2. Demais. – O que respeita a alma não depende da compleição do corpo. Ora, a incontinência depende da compleição do corpo; pois, como diz o Filósofo, os mais agudos, isto é, coléricos, e os mais melancólicos, por deixarem desenfreada a. concupiscência, são os incontinentes. Logo, a incontinência pertence ao corpo.

3. A vitória é mais do vencedor do que do vencido. Ora, incontinente se chama quem deixa a carne concupiscente se avantajar ao espírito. Logo, a incontinência não mais pertence à alma que ao corpo.

Mas, em contrário, principalmente pela alma é que nos diferenciamos dos animais. Ora, é pela razão que a continência difere da incontinência; pois, não dizemos dos animais, que sejam continentes ou incontinentes, como o ensina o Filósofo. Logo, a incontinência pertence, sobretudo, à alma.

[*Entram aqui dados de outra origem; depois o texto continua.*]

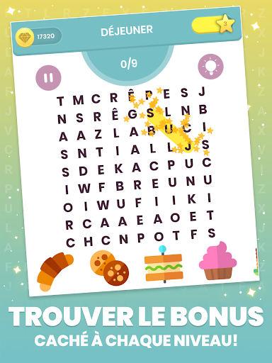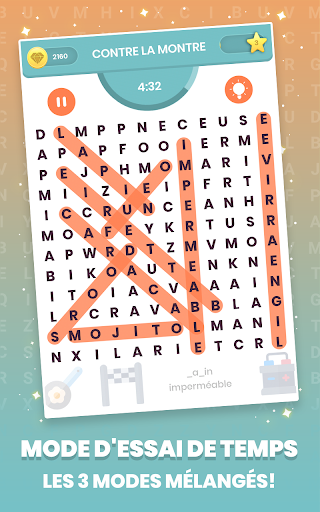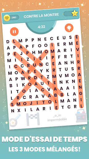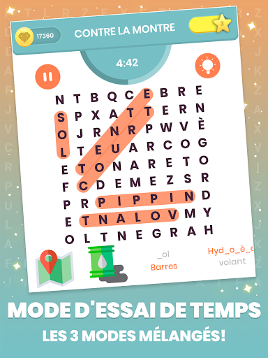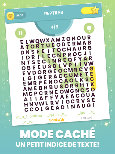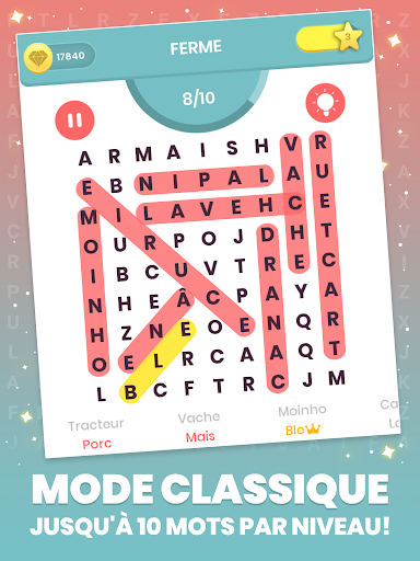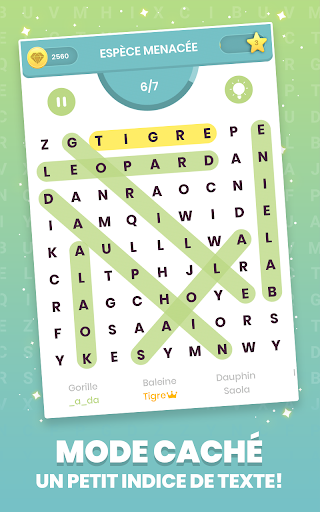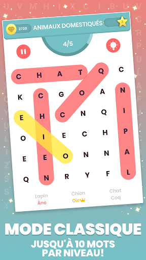 Le niveau difficile sera augmenté progressivement sur chaque catégorie, chaque mode de jeu offrira également un nouveau défi pour le genre recherche de mot.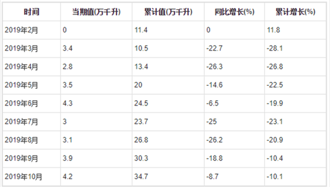2019年1-10月全國葡萄酒產量分月數(shù)據(jù)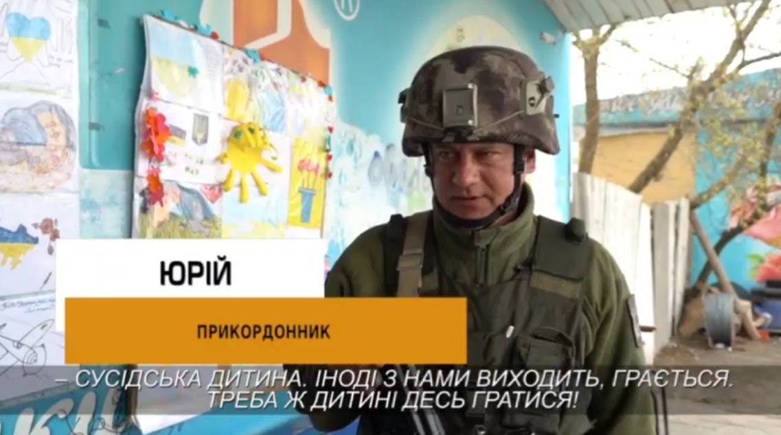 «Это соседский ребенок. Иногда с нами выходит, играется», — невозмутимо вещает Юрий, сотрудник Государственной пограничной службы Украины.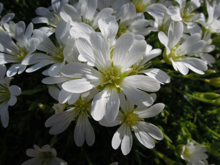 Blüten weiß, 5 Kronblätter, 5 Kelchblätter, 5 Griffel, 10 Staubblätter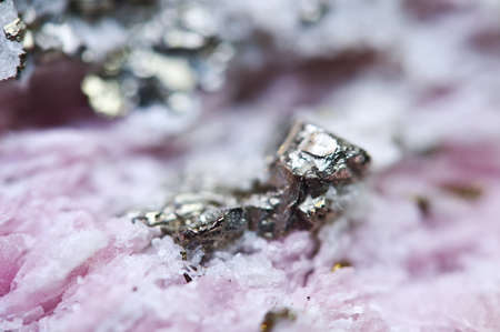 Pink crystals Rhodochrosite with particles of Pyrite. Natural texture of mineral for background. Beautiful background and wallpaper. Macro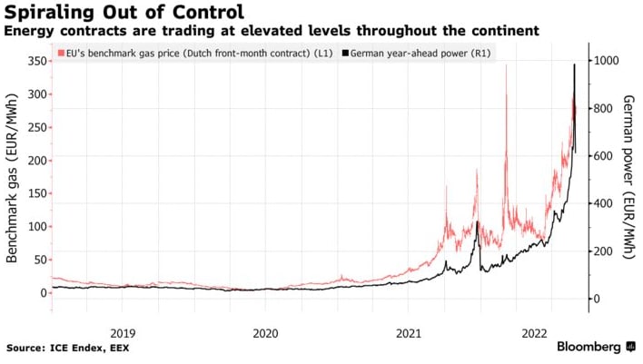 Commerzbank AG предупредил о «серьезной рецессии» в Германии, если Россия полностью прекратит поставки газа. Хотя страна является одной из наиболее уязвимых, риски распространяются на Австрию и Италию, говорится в отчете Fitch Ratings Inc. Некоторые другие страны также получают российский газ через своих соседей, и сокращение поставок может нарушить эту торговлю.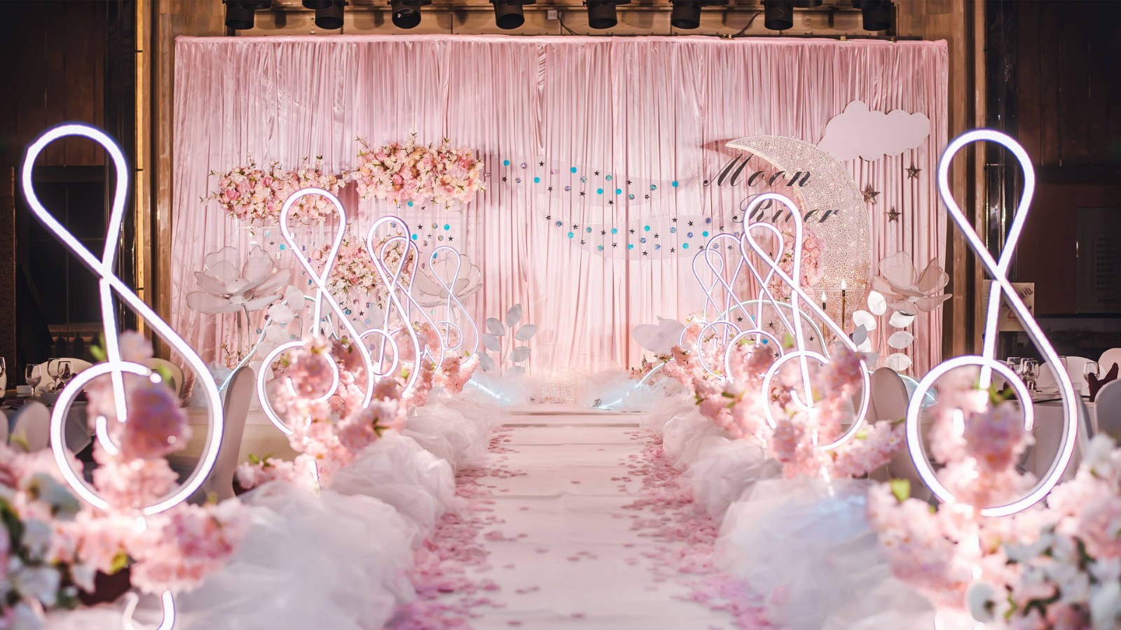 舞台是婚礼上的聚焦点,通常舞台背景都是以婚礼主题色彩纱幔来布置,它不能过于单调,同时也不可以过于花俏,做到刚刚好。你也可以在舞台背景墙中央设计个专属自己的LOGO,也可以放个LED来分享自己的爱情。

SOLUÇÃO. – Um efeito se atribui mais à sua causa própria que à sua causa acidental. Ora, o corpo é apenas causa ocasional da incontinência; pois, a disposição do corpo pode ser causa de surgirem paixões veementes no apetite sensitivo, que é uma potência do corpo orgânico. Ora, essas paixões, por mais veementes que sejam, não são a causa eficiente da incontinência, mas só a causa ocasional; porque, enquanto está no uso da razão, o homem sempre pode resistir às paixões. Se estas, porém, crescerem a ponto de privar totalmente do uso da razão, como acontece com aqueles que uma paixão veemente faz enlouquecer já não haverá possibilidade de se falar em continência nem em incontinência, por não conservarem esses tais o juízo racional, a que a continente obedece e que o incontinente transgride. Donde se conclui que a causa própria da continência está na alma, que não resiste, pela razão, às paixões. O que de dois modos pode–se dar, como diz o Filósofo. Primeiro, quando a alma cede às paixões, antes da razão deliberar, o que se chama continência irreprimida ou antecipação. Segundo, quando não perseveramos no que deliberamos por estarmos fracamente firmados no que a razão julgou, chamando–se por isso essa incontinência fraqueza. Por onde é claro que a incontinência pertence principalmente à alma.

DONDE A RESPOSTA À PRIMEIRA OBJEÇÃO. – A alma humana é a forma do corpo e tem certas potências que se servem de órgãos corpóreos. E os atos delas afetam também aquelas operações da alma que não dependem do instrumento do corpo, isto é os atos do intelecto e da vontade; e isso porque o intelecto recebe a influência dos sentidos, e a vontade é impelida pelas paixões do apetite sensitivo. Ora, sendo assim, e por ter a mulher– de certo modo, uma fraca compleição corpórea, na maior parte das vezes ela adere fracamente ao que adere, embora em certos e raros casos tal não se dê, conforme aquilo da Escritura: Quem achará uma mulher forte? E o pequeno ou fraco sendo reputado como por não existente, daí vem que o Filósofo fala das mulheres como se não tivessem juízo firme da razão, embora com certas mulheres se dê o contrário. E por isso diz, que não chamamos às mulheres continentes, porque não dirigem, como quem tem uma razão sólida, mas são dirigidas, como que facilmente obedientes às paixões.

RESPOSTA À SEGUNDA. – Do ímpeto da paixão resulta o nos deixarmos logo arrastar por ela antes de a razão deliberar. Ora, o ímpeto da paixão costuma provir, ou da sua velocidade, como se dá com os coléricos; ou da veemência, como nos casos dos melancólicos, que por causa da sua compleição térrea se inflamam veementissimamente. Assim como, ao contrário, acontece não perseverarmos naquilo a que fracamente aderimos, por causa da fraqueza da compleição, como é o caso das mulheres, segundo dissemos. O que também se dá com os fleugmáticos, pela mesma causa que nas mulheres. Pois, tal se dá, pela ocasião que, de certo modo, oferece à incontinência a compleição corpórea, a qual porem não é daquela uma causa suficiente, como dissemos.

RESPOSTA À TERCEIRA. – A concupiscência da carne, no incontinente, sobreleva o espírito, não necessariamente, mas por uma certa negligência deste, que não resistiu fortemente.